((
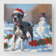 Uma majestosa Faixa corre através da cena de inverno nevado, vestindo um chapéu de Natal vermelho festivo. Este design impressionante captura a poderosa estatura, a natureza gentil e a personalidade leal da raça enquanto celebra o calor e a magia da época de férias. Um cheio de alegria festiva.
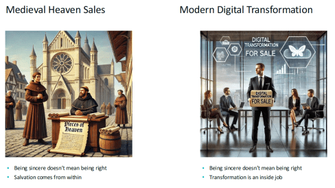 * Step 3 is building a compelling story to implement the vision. Implementing new ways of working based on new technical capabilities requires also organizational change. If your organization keeps working similarly, you might gain some percentage of efficiency improvements.
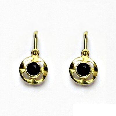 Dětské náušnice, žluté zlato, granát, zlaté náušnice, NK 1380
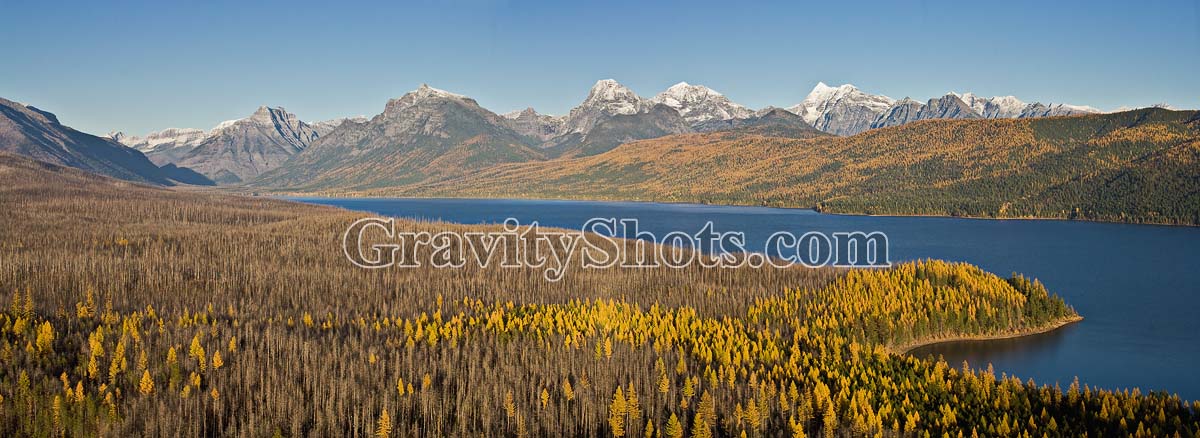 Train coming around the corner. Whitefish Lake, MT Fall Aerial
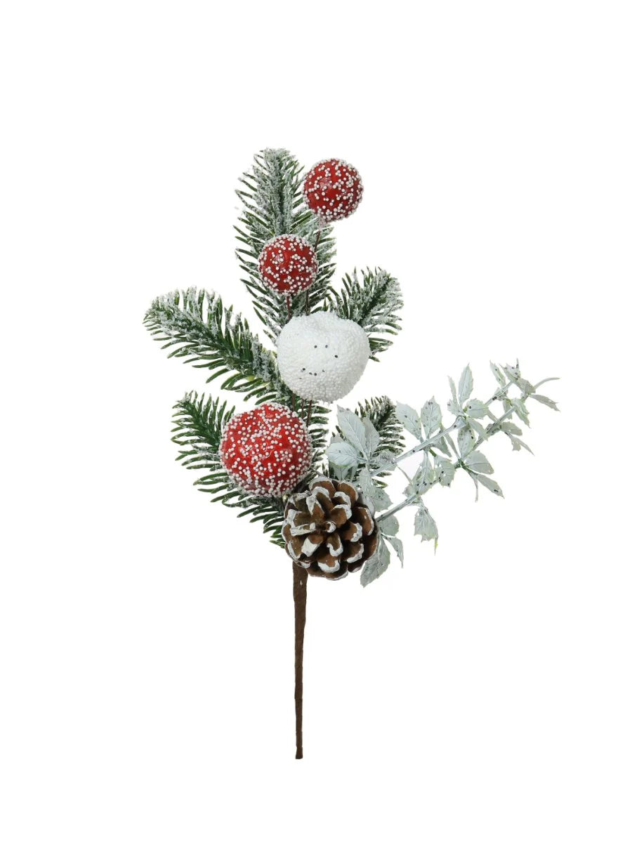 Red and white artificial fruit and pinecone pick.
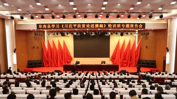 4月16日,阜南縣學習《習近平扶貧論述摘編》輪訓班專題報告會在縣委黨校報告廳主會場舉行,各鄉(xiāng)鎮(zhèn)及縣經(jīng)開區(qū)設分會場收聽收看了報告會實況。報告會邀請中共中央黨校社會和生態(tài)文明部教研室副主任、副教授郭兆暉作學習《習近平扶貧論述摘編》專題報告??h委書記崔黎主持報告會。
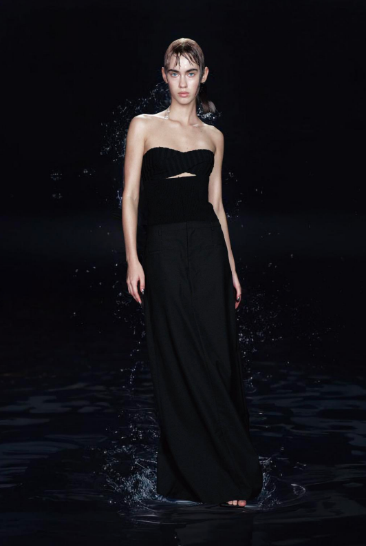 MAYALI Splicing edge workwear long skirt(Rear fork)
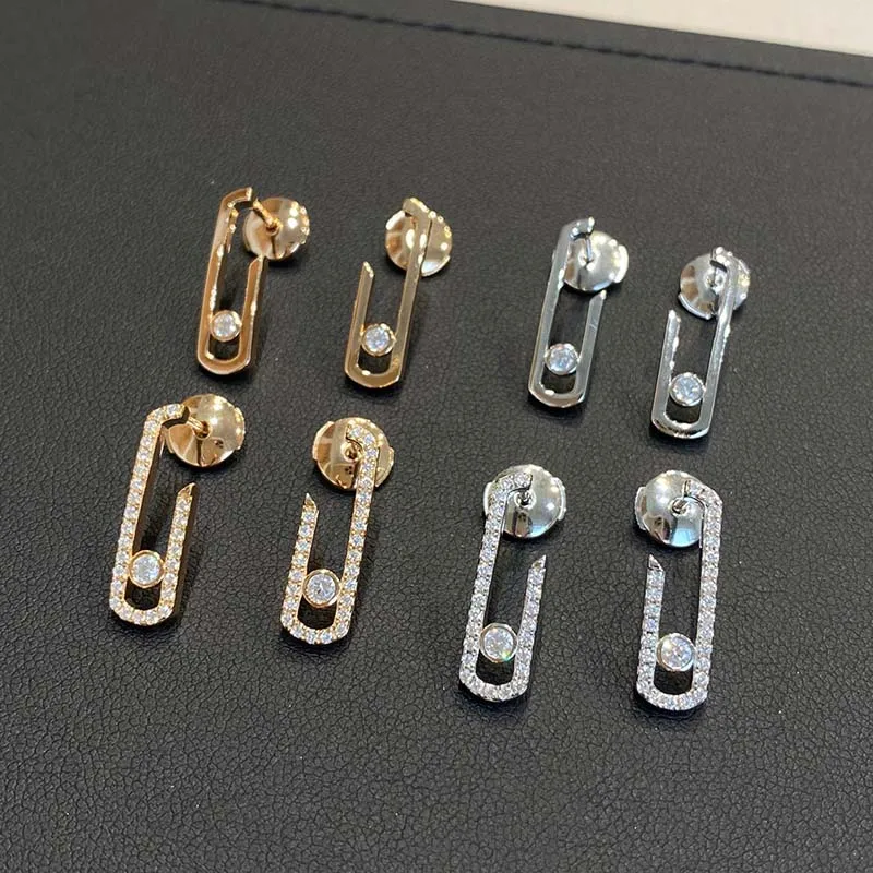 Boucles d'oreilles coulissantes en diamant mobile pour femmes, bijoux en argent regardé pur 925, conception en or rose, fête de mariage, mini taille mignonne |
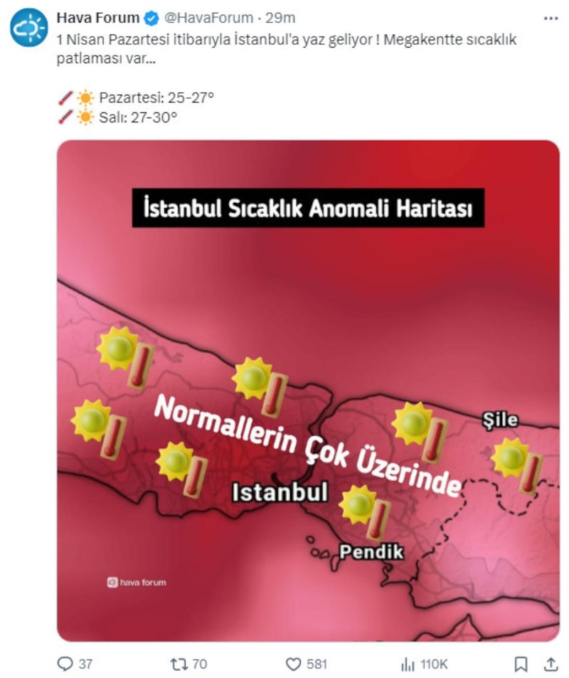 Meteoroloji kaynağı Hava Forum, sosyal medya hesabından yaptığı açıklamayla sıcaklıkların daha da artacağını belirtti.
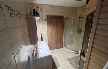 az emeleten három hálószobán kívül egy kádas, zuhanyzós fürdőszoba, valamint egy a fő hálószobából - ahonnan az emeleti teraszra is kijuthatunk - megközelíthető gardrób szoba helyezkedik el.
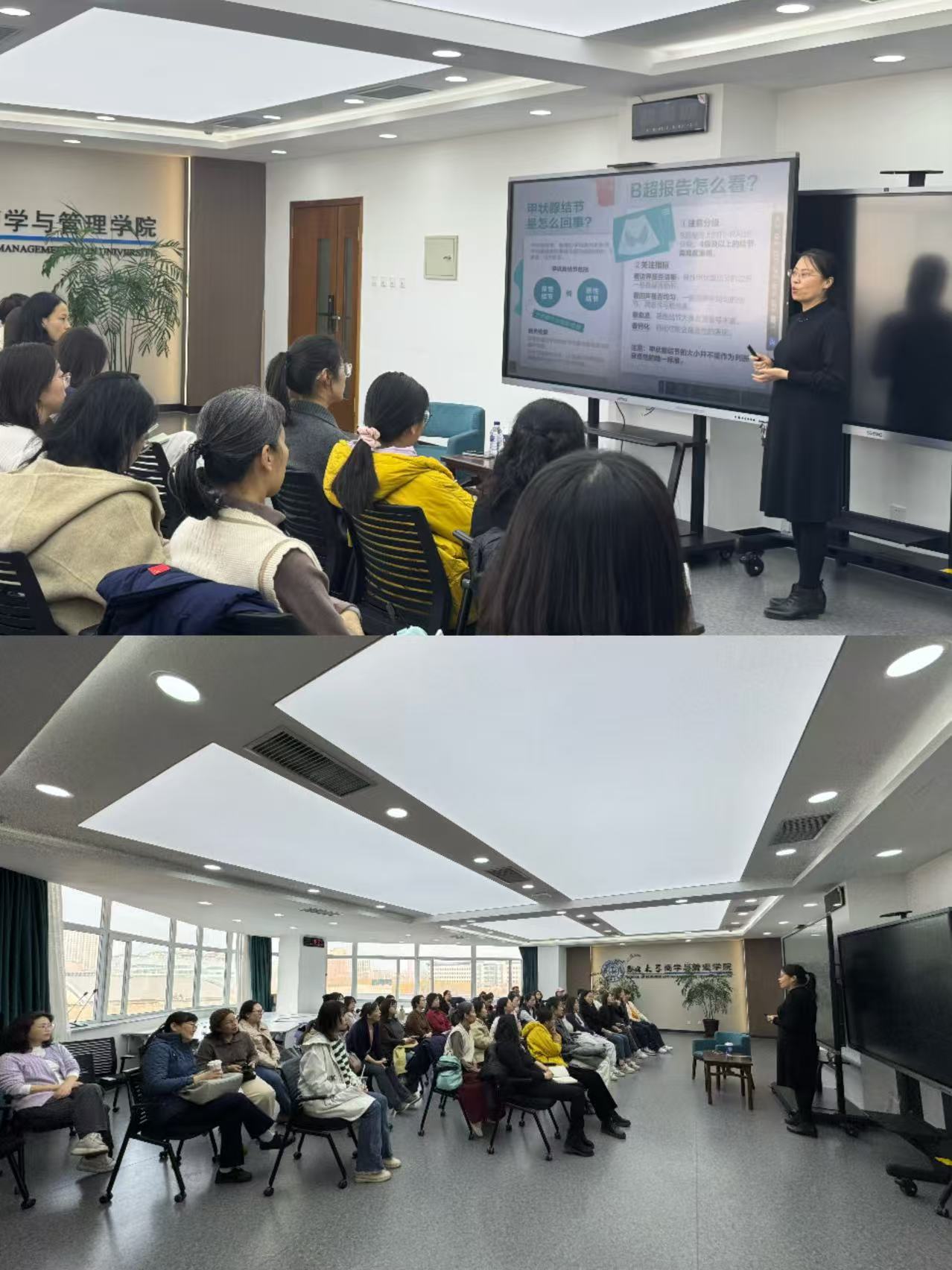 春意渐浓,万物复苏。为切实守护教职工身心健康,3月25日下午,商学与管理学院工会、妇委会在东荣大厦A506室举办“2026年三八妇女节系列活动之春季中医养生及内分泌调护”健康讲座,特邀长春中医药大学附属医院内分泌代谢病科副主任、主任医师、国家青年岐黄学者米佳教授担任主讲。
))
* [Required action]
Output exactly the lines above, from the line with "Meteoroloji kaynağı Hava" to the line with "az emeleten három", both included; skip the pictures.

* [Answer area]
 Meteoroloji kaynağı Hava Forum, sosyal medya hesabından yaptığı açıklamayla sıcaklıkların daha da artacağını belirtti.
 az emeleten három hálószobán kívül egy kádas, zuhanyzós fürdőszoba, valamint egy a fő hálószobából - ahonnan az emeleti teraszra is kijuthatunk - megközelíthető gardrób szoba helyezkedik el.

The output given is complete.